Right, but you need to compile in the appropriate DNS plugin. Unless something’s changed since I last checked, the published Docker images don’t include any of those DNS plugins.

2 Likes

So? The problem is what? You guys seem to have some problem with caddy for some reason, perhaps a hurd mentality due to Truecharts. Like you want to dislike it. Next you’ll say but it doesn’t support some obscure dns provider. You don’t have to use DNS provisioning, perhaps you purchased a certificate and you want to use it (say a wildcard cert). Or, maybe you want a self signed cert. You can use a HTTP challenge. It can do on demand. There are many ways to use it. For me, I simply build the image, one command. It’s a one time effort and not much of one.

I like it better than Traefik, which I am not sitting here pointing out every little defect / annoyance with. Just for fun, I"ll add a few, Traefik is more complicated to setup and overall, and very hard to solve issues with, caddy is so simple to use. For a more noob user coming in, caddy is much more likely to be useable to them until such a time as Truenas bakes in the functionality into scale. Caddy has higher performance according to many (but not all) benchmarks. My statement was I prefer it and like a choice, you don’t, fine. I have my reasons, you have yours. It’s an option for the OP.

2 Likes

Not in the least; I like Caddy plenty and use it whenever I can. That’s why it’s the webserver for my Nextcloud script, my Heimdall script, and a good many of Victor’s scripts. But if DNS plugins need to be compiled in (and they do), and the available Docker image doesn’t have them (which I don’t believe it does, but I’m not certain of that), then that’s going to be relevant in deciding whether to use Caddy in this application. Maybe there’s a way around that–maybe a different Docker image that includes all available DNS plugins, for example.

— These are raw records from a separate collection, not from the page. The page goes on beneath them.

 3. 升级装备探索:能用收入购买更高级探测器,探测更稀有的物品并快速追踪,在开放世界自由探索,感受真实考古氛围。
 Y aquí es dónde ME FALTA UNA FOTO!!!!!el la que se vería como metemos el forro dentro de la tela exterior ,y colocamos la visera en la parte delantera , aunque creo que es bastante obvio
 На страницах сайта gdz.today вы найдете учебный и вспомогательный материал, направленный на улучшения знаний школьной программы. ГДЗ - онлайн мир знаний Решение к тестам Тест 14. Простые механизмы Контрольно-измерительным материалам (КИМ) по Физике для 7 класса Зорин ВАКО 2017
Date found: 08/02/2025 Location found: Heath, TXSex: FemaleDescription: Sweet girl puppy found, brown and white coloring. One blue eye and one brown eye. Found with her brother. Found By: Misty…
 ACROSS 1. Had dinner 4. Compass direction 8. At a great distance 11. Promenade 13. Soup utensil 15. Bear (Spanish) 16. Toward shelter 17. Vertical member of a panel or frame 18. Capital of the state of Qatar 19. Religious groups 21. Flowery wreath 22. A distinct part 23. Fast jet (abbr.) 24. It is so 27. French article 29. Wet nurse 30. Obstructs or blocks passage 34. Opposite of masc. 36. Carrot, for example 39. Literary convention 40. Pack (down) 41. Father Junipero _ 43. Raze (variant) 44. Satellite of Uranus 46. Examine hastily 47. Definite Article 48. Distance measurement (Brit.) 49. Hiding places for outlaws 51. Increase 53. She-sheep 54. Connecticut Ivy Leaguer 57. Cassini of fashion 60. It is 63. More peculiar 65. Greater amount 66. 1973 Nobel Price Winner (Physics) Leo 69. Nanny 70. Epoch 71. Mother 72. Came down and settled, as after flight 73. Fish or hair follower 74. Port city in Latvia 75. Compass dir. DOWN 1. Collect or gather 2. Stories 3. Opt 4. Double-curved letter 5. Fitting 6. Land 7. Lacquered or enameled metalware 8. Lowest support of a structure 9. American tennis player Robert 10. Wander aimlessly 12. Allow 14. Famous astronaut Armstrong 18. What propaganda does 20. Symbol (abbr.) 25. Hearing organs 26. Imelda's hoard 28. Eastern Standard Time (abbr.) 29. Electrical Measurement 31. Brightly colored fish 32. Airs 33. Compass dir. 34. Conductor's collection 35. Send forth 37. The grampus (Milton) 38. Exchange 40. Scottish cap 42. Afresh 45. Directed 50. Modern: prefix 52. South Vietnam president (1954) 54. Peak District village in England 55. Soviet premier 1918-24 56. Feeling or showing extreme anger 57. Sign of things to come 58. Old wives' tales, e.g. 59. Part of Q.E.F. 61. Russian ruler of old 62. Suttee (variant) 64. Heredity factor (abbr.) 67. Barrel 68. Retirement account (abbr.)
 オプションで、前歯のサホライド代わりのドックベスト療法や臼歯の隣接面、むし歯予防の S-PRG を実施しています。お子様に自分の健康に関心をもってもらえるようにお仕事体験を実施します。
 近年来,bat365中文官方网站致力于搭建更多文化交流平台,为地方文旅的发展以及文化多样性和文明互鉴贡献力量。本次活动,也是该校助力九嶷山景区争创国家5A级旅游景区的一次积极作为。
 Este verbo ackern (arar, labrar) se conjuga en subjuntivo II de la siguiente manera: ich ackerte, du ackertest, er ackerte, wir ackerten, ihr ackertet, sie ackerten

Yes, it is–an option I mentioned (and recommended) in my first post in this topic. I don’t know why you’re responding this way to my post, but you’re off-base.

2 Likes

Ok, then I am, sorry about that, it’s a bad day for me. It’s not specifically your post, but the seemingly endless list of things it doesn’t do, but actually does. It is useful for nextcloud for sure.

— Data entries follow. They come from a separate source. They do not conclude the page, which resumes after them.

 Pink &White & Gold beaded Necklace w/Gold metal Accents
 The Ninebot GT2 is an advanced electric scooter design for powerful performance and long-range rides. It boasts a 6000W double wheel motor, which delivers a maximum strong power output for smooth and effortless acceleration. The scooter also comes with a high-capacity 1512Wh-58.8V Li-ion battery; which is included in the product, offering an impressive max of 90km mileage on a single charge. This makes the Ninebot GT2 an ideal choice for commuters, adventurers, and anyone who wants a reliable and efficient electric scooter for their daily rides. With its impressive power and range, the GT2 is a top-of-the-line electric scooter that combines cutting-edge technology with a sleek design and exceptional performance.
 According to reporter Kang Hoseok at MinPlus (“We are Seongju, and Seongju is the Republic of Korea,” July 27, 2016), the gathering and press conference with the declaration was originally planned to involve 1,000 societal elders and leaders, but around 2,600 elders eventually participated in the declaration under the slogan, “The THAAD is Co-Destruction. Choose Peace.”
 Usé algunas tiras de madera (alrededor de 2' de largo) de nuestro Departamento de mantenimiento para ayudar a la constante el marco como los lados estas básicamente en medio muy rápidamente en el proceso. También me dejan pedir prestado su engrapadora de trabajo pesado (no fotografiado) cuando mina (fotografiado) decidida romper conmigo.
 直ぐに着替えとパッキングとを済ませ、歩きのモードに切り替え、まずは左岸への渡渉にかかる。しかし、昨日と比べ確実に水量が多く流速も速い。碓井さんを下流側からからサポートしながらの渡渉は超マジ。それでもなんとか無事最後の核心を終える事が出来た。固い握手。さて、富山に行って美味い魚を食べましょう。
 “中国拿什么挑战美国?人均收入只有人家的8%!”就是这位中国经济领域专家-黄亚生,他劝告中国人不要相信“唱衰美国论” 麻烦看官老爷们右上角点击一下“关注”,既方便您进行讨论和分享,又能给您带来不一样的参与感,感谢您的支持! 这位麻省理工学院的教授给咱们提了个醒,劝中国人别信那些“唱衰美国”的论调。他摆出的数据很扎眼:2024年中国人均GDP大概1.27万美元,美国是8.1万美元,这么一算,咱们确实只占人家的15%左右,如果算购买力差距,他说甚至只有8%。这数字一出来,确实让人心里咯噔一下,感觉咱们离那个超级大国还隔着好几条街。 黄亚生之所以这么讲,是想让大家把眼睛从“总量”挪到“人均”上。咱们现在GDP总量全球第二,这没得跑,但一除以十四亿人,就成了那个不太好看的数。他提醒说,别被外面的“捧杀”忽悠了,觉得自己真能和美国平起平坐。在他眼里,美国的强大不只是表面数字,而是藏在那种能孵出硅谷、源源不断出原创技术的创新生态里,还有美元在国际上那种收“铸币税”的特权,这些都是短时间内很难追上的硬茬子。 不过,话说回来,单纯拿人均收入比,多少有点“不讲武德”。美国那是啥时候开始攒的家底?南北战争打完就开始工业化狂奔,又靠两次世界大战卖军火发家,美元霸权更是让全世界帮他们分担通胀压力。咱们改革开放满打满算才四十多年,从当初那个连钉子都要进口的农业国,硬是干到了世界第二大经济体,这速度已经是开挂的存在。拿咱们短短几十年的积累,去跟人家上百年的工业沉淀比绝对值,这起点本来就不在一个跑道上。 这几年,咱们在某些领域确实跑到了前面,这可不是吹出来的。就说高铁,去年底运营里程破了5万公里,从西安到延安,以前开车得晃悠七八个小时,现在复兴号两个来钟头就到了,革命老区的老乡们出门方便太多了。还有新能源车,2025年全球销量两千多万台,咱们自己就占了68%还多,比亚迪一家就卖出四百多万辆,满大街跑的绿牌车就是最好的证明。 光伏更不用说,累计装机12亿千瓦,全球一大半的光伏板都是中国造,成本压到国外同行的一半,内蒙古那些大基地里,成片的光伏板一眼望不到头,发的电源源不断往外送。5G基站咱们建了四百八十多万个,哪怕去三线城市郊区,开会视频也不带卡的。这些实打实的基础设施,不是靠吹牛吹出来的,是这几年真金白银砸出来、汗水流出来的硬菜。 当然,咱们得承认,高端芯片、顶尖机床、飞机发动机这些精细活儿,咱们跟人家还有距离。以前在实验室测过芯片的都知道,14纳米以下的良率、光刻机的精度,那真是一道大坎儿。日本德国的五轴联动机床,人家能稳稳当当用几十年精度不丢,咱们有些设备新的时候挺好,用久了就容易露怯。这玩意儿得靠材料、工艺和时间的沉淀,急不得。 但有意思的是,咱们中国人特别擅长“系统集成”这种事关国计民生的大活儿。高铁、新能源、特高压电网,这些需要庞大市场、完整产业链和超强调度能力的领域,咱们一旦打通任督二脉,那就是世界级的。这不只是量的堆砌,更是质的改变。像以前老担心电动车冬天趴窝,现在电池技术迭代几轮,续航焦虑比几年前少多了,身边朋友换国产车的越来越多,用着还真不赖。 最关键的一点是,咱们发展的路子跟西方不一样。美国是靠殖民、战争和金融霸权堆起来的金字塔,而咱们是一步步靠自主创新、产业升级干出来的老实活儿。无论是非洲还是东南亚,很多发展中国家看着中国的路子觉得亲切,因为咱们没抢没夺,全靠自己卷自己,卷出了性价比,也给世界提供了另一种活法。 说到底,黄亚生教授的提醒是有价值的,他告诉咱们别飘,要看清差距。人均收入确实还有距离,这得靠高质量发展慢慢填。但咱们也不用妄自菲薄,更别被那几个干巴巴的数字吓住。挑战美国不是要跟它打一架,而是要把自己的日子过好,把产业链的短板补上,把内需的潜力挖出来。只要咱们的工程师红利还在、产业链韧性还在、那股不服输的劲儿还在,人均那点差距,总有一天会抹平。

I use Linuxserver’s SWAG container that has nginx doing reverse proxy work. They have plumbing in place that links in with docker.socket to automate subdomains, including certificate handling, based on the container names.

But currently I side-step all that because of kubernetes.

1 Like

What people need to understand is that in the “app” ecosystem you cannot change an iX or community provided container image after the fact. If a feature is not there you cannot ssh in like with a jail and pkg install xyz .... You need to open a feature request and hope whatever you desire gets added.

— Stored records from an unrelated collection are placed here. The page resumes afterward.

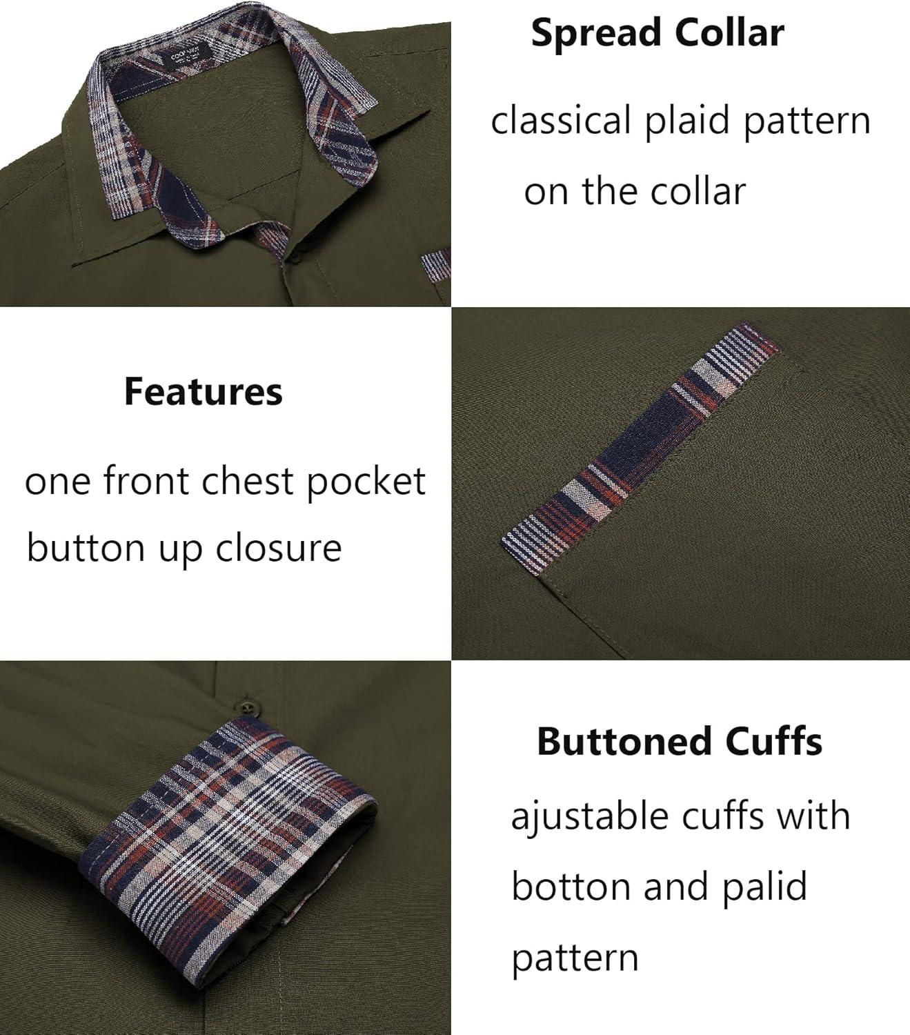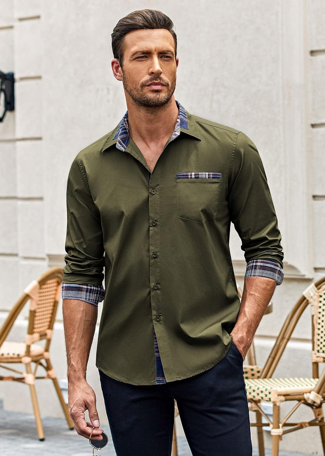 COOFANDY Men's Long Sleeve Dress Shirt Plaid Collar Casual Button Down Shirts(Army Green)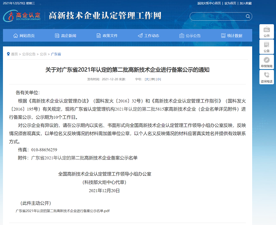 悅亮科技上榜廣東省2021年認定的第二批高新技術企業(yè)備案公示名單
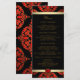 Cardápio de casamento vermelho, preto e dourado com coração de cetim vermelho rico e fundo de damasco preto e dourado. Este cardápio de casamento elegante vermelho, preto e dourado é facilmente personalizado com os detalhes do seu evento. Você pode remover o coração ou movê-lo para qualquer local, bem como alterar o tamanho.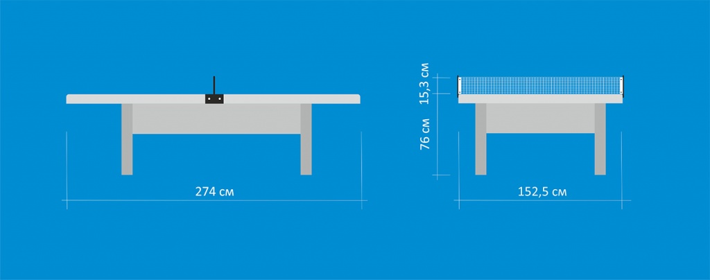 Размер в игровом положении длина 274 см, ширина 152,5 см, высота 76 см.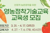 (포탈뉴스통신) 진안군은 신규농업인 및 예비 귀농‧귀촌인을 대상으로 하는 ‘2026 영농정착기술교육’ 교육생을 모집한다. 이 교육은 귀농‧귀촌에 필요한 체계적인 기초 영농기술교육과 선도 농가의 농업정보를 공유함으로써 안정적인 농업‧농촌 정착을 돕기 위해 추진된다. 모집대상은 진안군으로 귀농‧귀촌을 희망하는 신규농업인이거나, 청년농을 비롯한 교육에 관심있는 모든 진안군민이며, 4월 17일까지 온라인 접수 및 방문 접수로 신청하면 된다. 교육 기간은 4월 27일부터 7월 6일까지 기간 중 7회(총 40시간)에 걸쳐 농업 법률상식, 세무회계 실무, 작목별 선도농장 견학, 농기계 실습, 농업 경영계획 수립 등 이론 교육과 현장 교육을 병행하여 운영된다. 농업기술센터 노금선 소장은 "이번 교육이 신규 농업인과 예비 귀농‧귀촌인들이 안정적으로 정착할 수 있도록 현실성 있는 교육 프로그램을 제공하여 다양한 영농 기술 습득과 정보를 공유함으로써, 성공적인 영농정착계획을 수립할 수 있도록 적극 지원하겠다”라고 밝혔다. 교육에 대한 자세한 사항은 진안군농업기술센터 홈페이지에서 확인할 수 있으며 농촌지원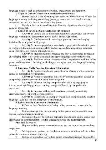 or crossword, focusing on language skills such as vocabulary acquisition, grammar
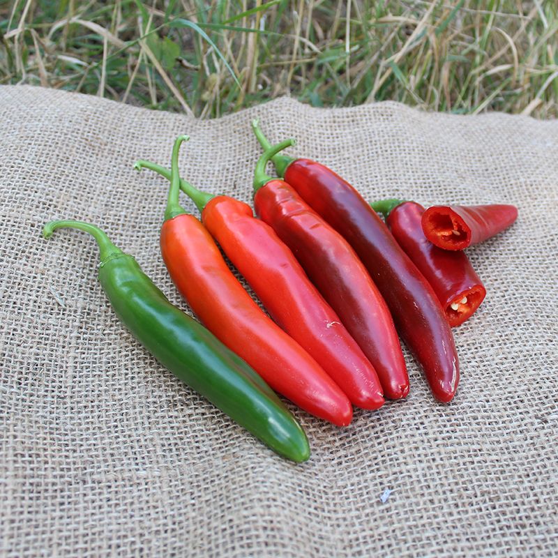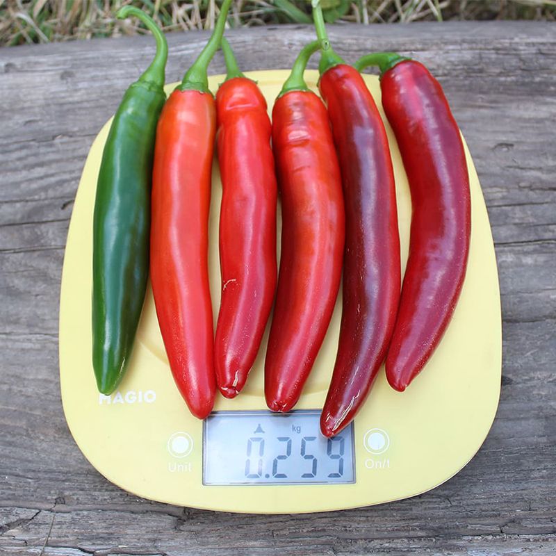 Характеристика плодів – Гібрид формує однорідні вирівняні плоди, помірно гострі на смак. Розмір плоду: 16х2,5 см. Колір у технічній стиглості – глянсовий темно-зелений, у біологічній – глянсовий червоний. Вага плоду – 30-40 г.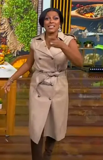 Tamron Hall on Tamron Hall Show on ABC was spotted wearing this belted trench dress on Tamron Hall Show on Oct 06 2025's episode. Tamron's Dress is the Val Dress by Kobi Halperin . Tamron's Earrings is the Metal-Disc Pendant Earrings by H&M.

Of course you know that. But it needs pointing out occasionally and I think that was @dan’s point.

Which is true when using the apps system. Unless you count custom apps, which require no jail or extra work. They work basically just like docker command line. I now have 24 apps, all custom apps. I can change anything I want, set any limits I want, include what I want, add features as I want, etc. Which of course is true of jails as well. But once compose lands, there’s a lot more flexibility compared to the built in apps as they are now.

Have you tried using the custom app function to add Traefik?
SCALE allows adding an app that is not in the catalog using this function.

Go to Apps > Discover Apps then click Custom App at the top right corner to open the configuration screen. Look it over to see what you need to provide then you can exit that screen. You can get your configuration information together and then access this screen again to give it a try.